For the records below, copy exactly the span that begins at the line containing "Два остекленных стеллажа, ТВ-тумба, комод, журнальный" and stops after the line containing "Amsterdam,netherlands-july 21, 2015: DHL", minus any pictures.

**Supplied records:**
**********
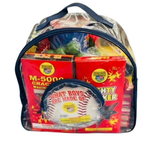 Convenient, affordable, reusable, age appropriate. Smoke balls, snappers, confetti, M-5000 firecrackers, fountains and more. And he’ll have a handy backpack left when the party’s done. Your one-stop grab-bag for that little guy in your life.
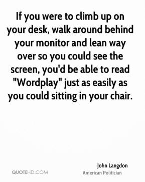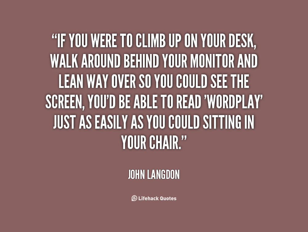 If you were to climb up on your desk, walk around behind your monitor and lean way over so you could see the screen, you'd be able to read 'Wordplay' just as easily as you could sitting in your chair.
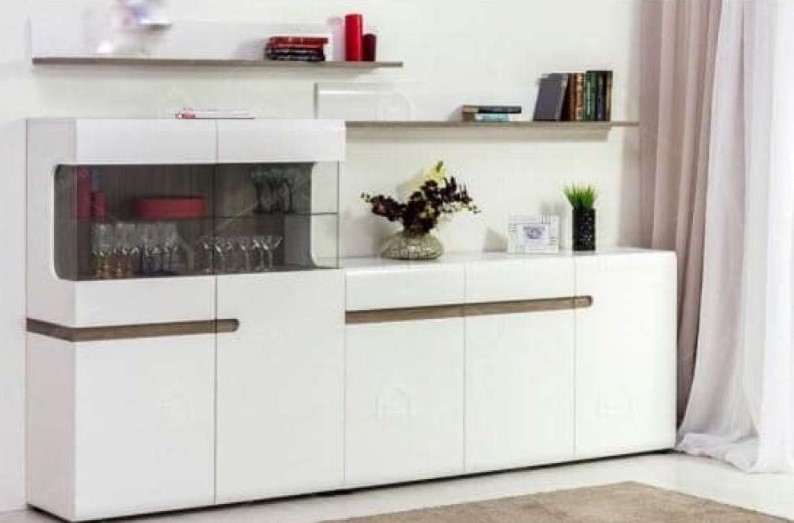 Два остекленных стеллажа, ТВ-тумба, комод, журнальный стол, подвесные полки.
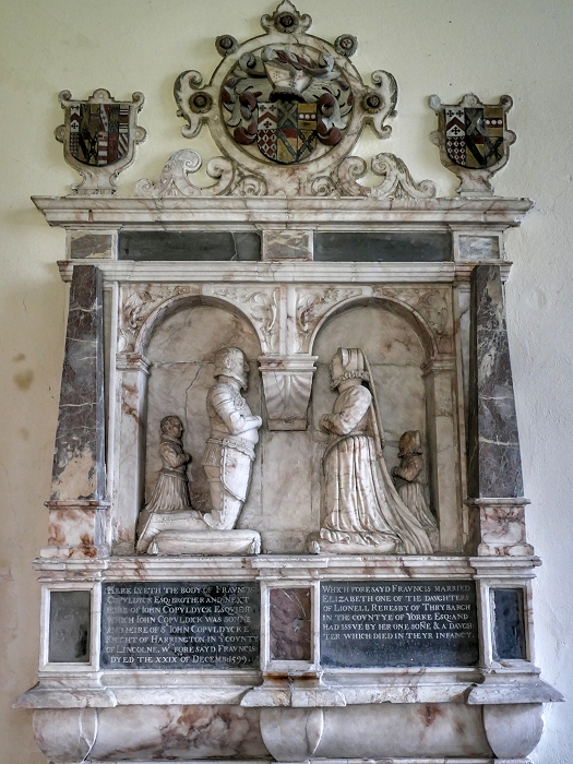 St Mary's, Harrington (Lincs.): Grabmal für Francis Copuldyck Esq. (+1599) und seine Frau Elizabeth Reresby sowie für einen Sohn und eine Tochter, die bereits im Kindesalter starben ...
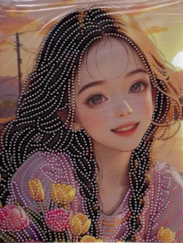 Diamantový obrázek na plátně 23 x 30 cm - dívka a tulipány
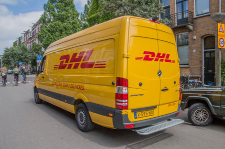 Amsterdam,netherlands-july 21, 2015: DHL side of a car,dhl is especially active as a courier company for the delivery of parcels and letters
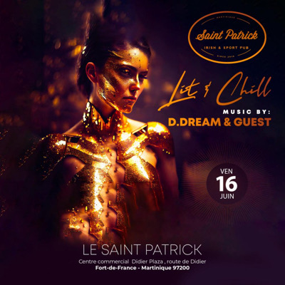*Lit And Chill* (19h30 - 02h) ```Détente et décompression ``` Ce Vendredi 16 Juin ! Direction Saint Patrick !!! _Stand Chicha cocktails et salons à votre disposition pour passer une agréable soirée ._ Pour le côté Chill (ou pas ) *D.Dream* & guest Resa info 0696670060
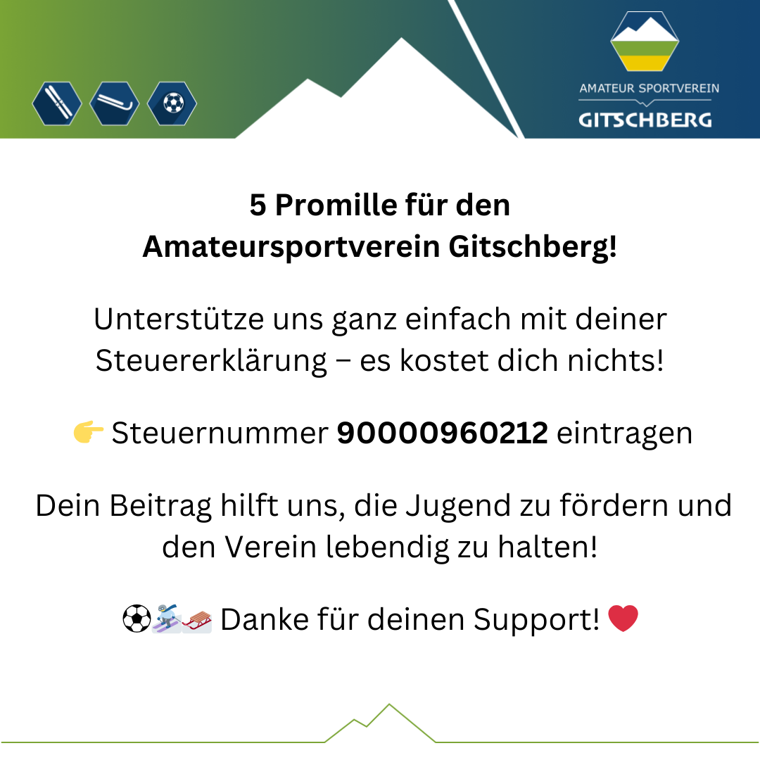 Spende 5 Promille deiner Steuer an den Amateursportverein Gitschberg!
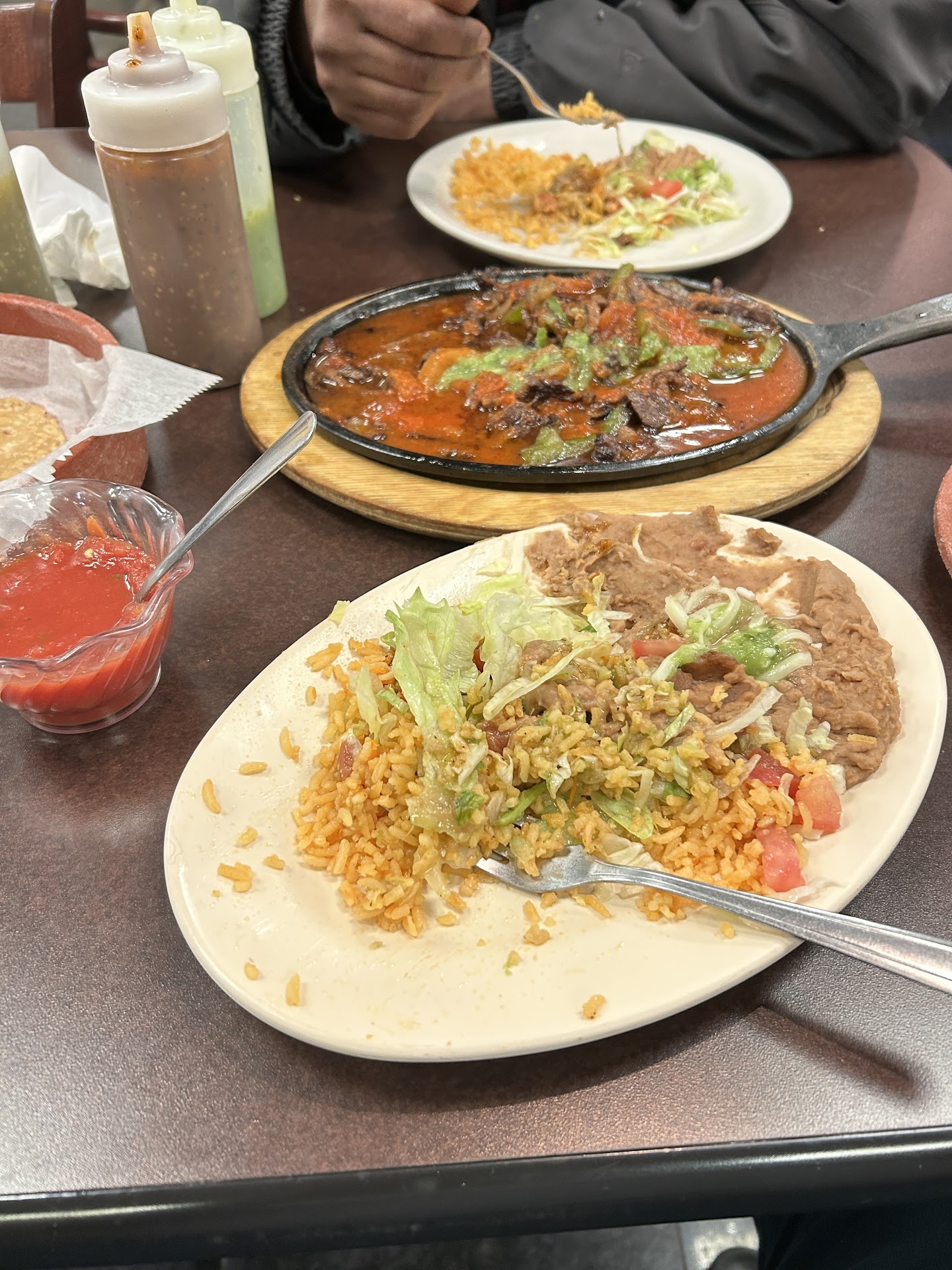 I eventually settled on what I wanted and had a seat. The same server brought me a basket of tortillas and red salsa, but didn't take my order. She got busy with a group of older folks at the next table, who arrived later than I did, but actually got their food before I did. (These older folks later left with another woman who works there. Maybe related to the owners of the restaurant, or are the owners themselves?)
**********
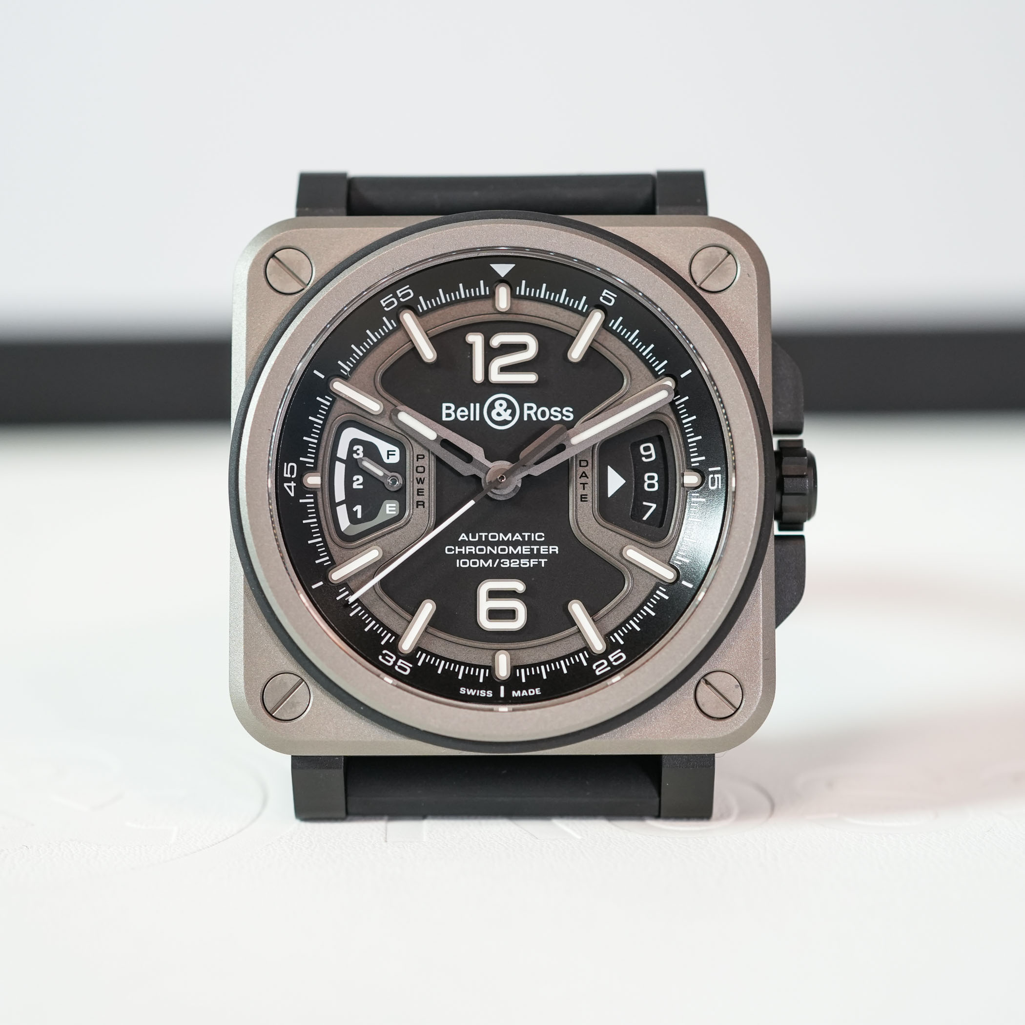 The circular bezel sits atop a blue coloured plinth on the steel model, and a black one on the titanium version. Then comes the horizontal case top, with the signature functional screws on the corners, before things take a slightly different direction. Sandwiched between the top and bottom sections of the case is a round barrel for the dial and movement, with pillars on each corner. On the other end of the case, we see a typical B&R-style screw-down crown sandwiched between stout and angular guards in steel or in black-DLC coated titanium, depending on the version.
**********
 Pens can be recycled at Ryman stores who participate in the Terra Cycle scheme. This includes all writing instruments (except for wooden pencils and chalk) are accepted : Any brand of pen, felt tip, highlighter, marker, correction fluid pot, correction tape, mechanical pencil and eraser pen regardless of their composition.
**********
**Answer section:**
 Два остекленных стеллажа, ТВ-тумба, комод, журнальный стол, подвесные полки.
 St Mary's, Harrington (Lincs.): Grabmal für Francis Copuldyck Esq. (+1599) und seine Frau Elizabeth Reresby sowie für einen Sohn und eine Tochter, die bereits im Kindesalter starben ...
 Diamantový obrázek na plátně 23 x 30 cm - dívka a tulipány
 Amsterdam,netherlands-july 21, 2015: DHL side of a car,dhl is especially active as a courier company for the delivery of parcels and letters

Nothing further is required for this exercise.